AJC poll: Georgians back limited legalization of medical marijuana


AJC poll: Georgians back limited legalization of medical marijuana

An exclusive Atlanta Journal-Constitution poll takes a close look at what Georgians want their Legislature to tackle in 2015. While today’s story focuses on medical marijuana, join us on myAJC.com as we roll out results through Thursday on hot-button topics including the economy, transportation and immigration.

A closer look at poll results

This poll of 905 Georgians statewide was conducted Jan. 5-8 by Abt SRBI of New York. The margin of sampling error is plus or minus 4.2 percentage points for each response.

Note: Telephone interviews were conducted by landline (n=541) and cellphone (n=364). The full sample of 905 Georgia residents were weighted to match the population parameters of the adult population in Georgia. The sample was balanced to match population parameters for sex, age, education level, race/Hispanic ethnicity, region (North, Atlanta Metro, Atlanta Exurbs, Southeast, Southwest), and telephone usage (cell-only, dual-user, landline-only). Some totals may not equal 100 percent due to rounding.

Georgians overwhelmingly support the legalization of a form of marijuana to treat certain medical conditions, a new poll for The Atlanta Journal-Constitution found.

The poll, conducted Monday through Thursday by New York-based Abt SRBI, found that 84 percent of Georgians, as well as 84 percent of registered voters, agreed that the Legislature should legalize a marijuana-based medication. Such a medication — cannabis oil — has been the focus of lawmakers since last year, although they have yet to pass a bill legalizing it.

The oil is used to treat certain seizure disorders in both children and adults — afflictions that can cause hundreds of seizures a day and often lead to death. It is harvested from the marijuana plant but does not create the high that recreational users of marijuana seek.

Meanwhile, a near majority in the poll also support going further and legalizing marijuana for recreational use among adults. While 49 percent of all respondents and 46 percent of registered voters support legalizing marijuana, 48 percent of all respondents and 52 percent of registered voters disagree.

Those results come after a state senator proposed to provide Colorado-style access to marijuana at licensed retail shops while also allowing its use through medical providers for treatment of conditions including cancer, glaucoma and HIV/AIDS.

The poll has a margin of error of plus or minus 4.2 percentage points, meaning neither supporters nor opponents of full legalization have a clear majority. The poll used live operators who called a mix of land-line and cellphones.

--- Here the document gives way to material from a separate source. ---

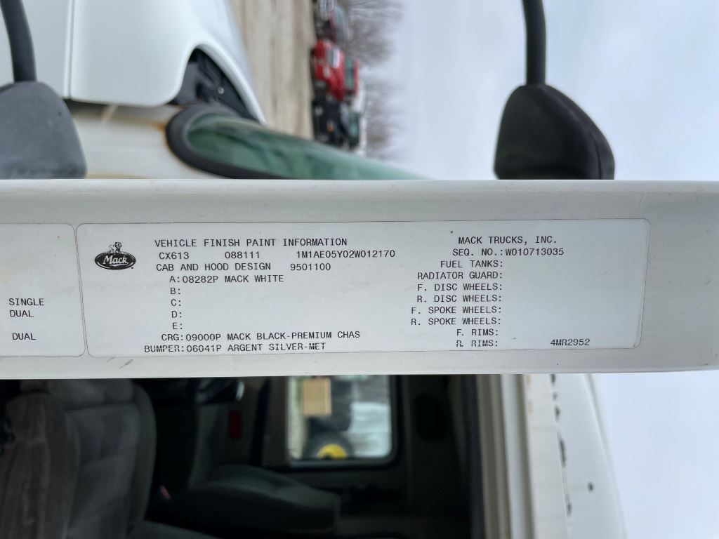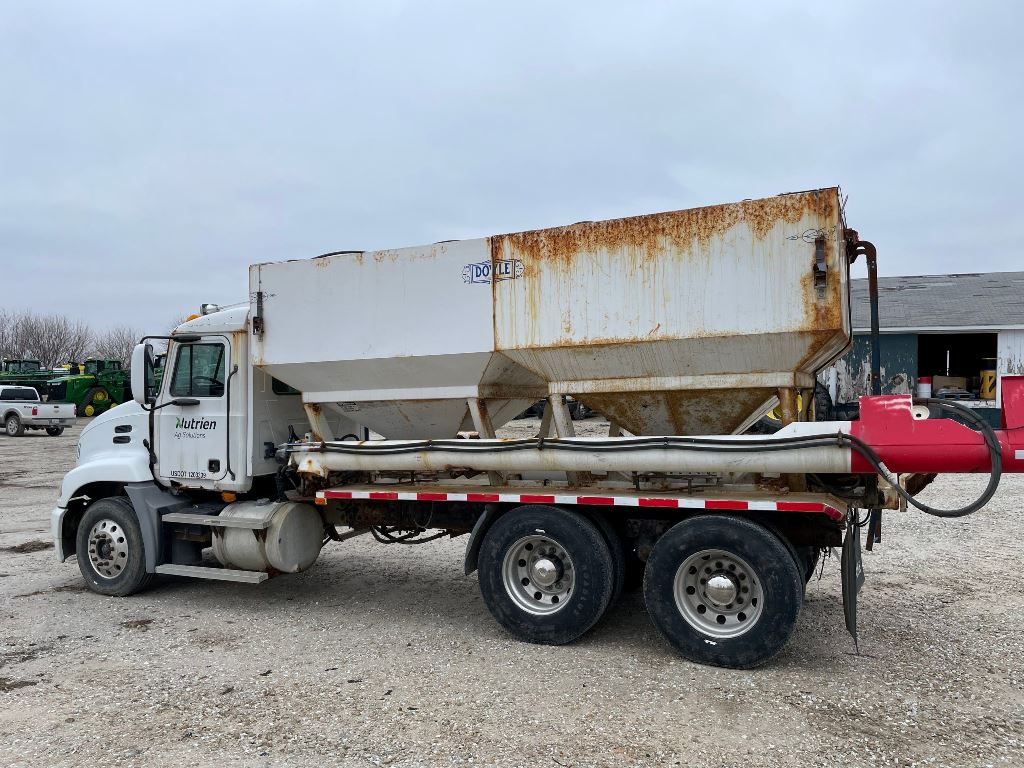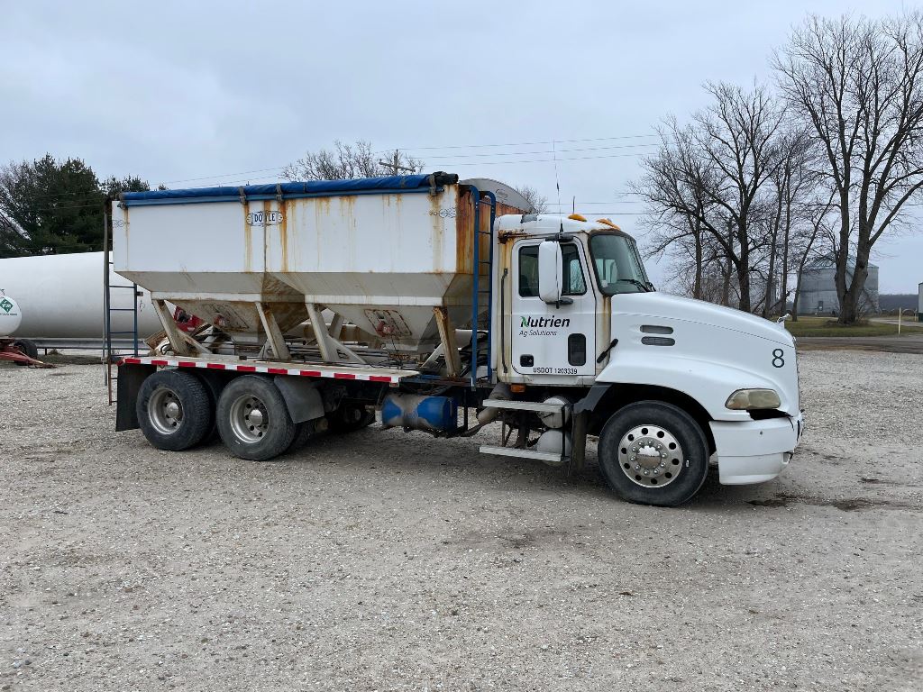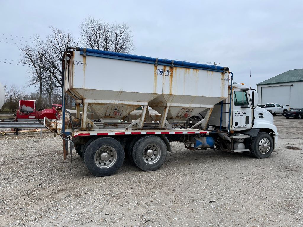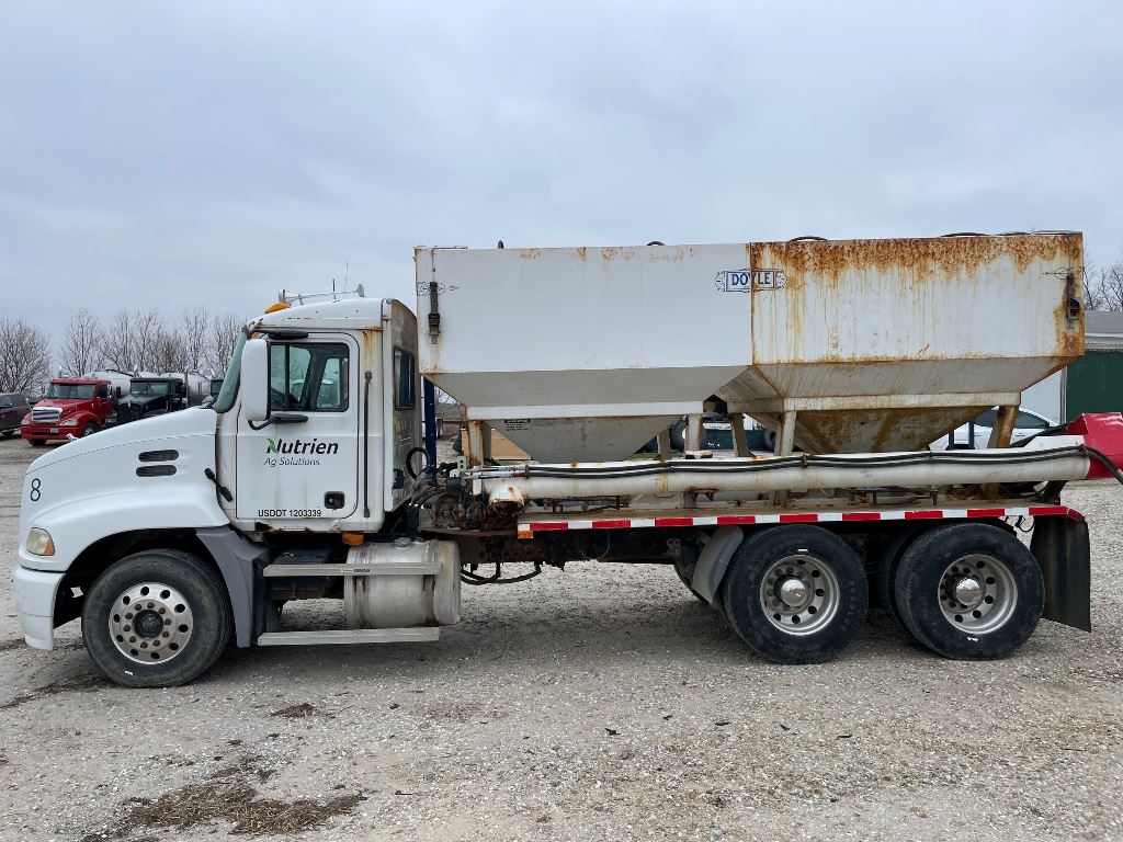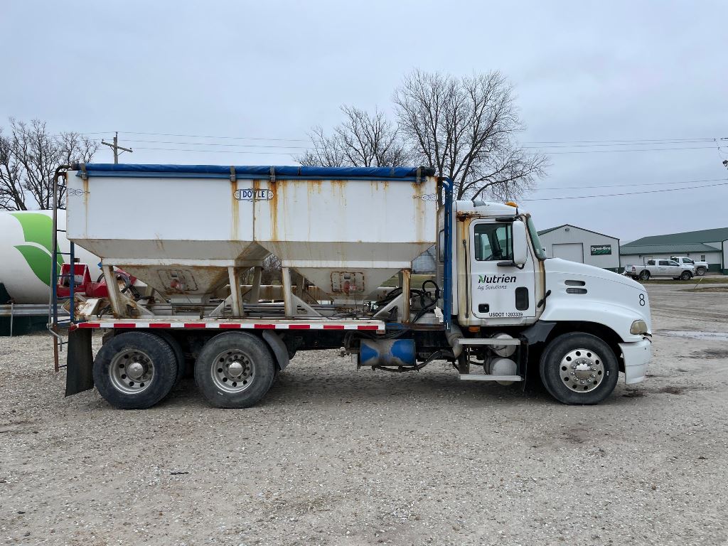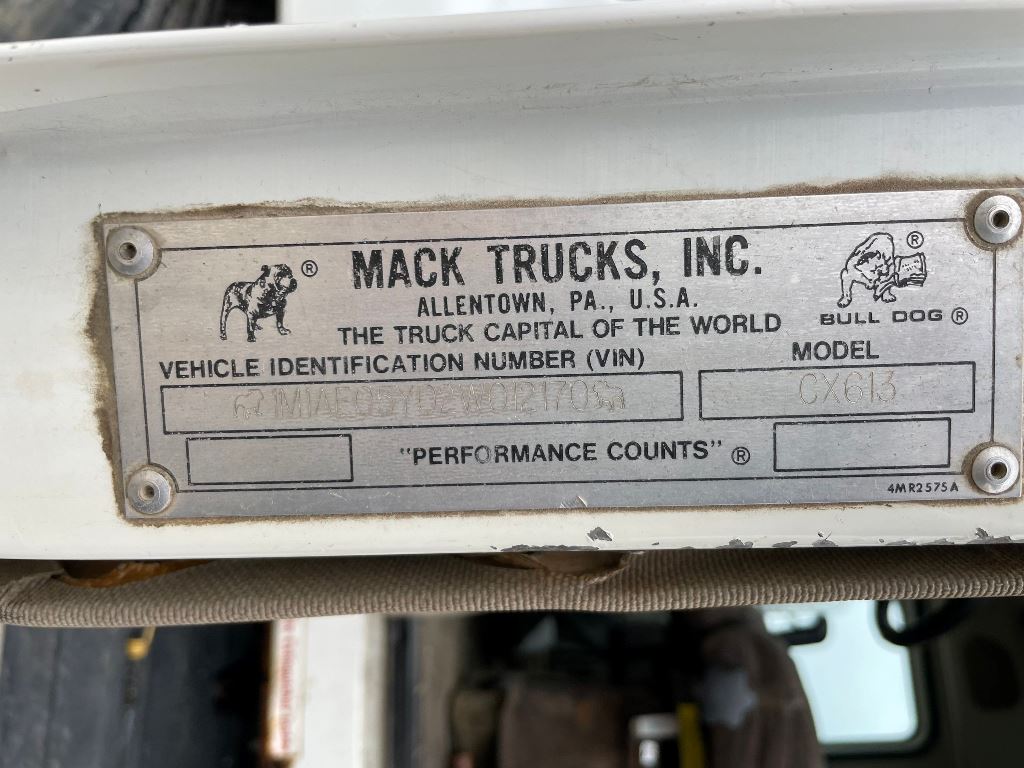 2002 Mack CX613 Dry Tender Truck (GP2431, Unit 17864), Mack E7-330/350 diesel engine, Eaton Fuller 9 speed transmission, air conditioning, heat, Am/Fm cassette radio, cruise control, engine brake, tandem axle, full screw, air ride suspension, Doyle 16 ton dry tender box, side discharge auger, all hydraulic, vibrators, roll over tarp, 295/75R22.5 tires, aluminum rims, shows 774,927 miles.

Legalization of a form of marijuana as well as full decriminalization of pot will be on the agenda when lawmakers return to work Monday.

Rep. Allen Peake, R-Macon, has prefiled House Bill 1 to allow the use of cannabis oil to treat certain disorders. That bill, however, would only legalize the use of a variety of marijuana that does not produce the high generally associated with the plant.

Sen. Curt Thompson, D-Tucker, has prefiled Senate Bill 7 to allow expanded access to medical marijuana and also allow recreational use. Thompson has also proposed a constitutional amendment, Senate Resolution 6, to put the question to voters and mandate that tax revenue from the sale of marijuana would be constitutionally earmarked for education and transportation infrastructure.

Peake’s bill has the full support of Speaker David Ralston, R-Blue Ridge, meaning it will likely pass the House this year, as it did in 2014.

“It’s a priority of ours and we’re going to move on it,” Ralston said.

Thompson’s proposed constitutional amendment, however, will not receive as warm a reception, Ralston said.

“That will not pass in the House,” he said. “I don’t support that.”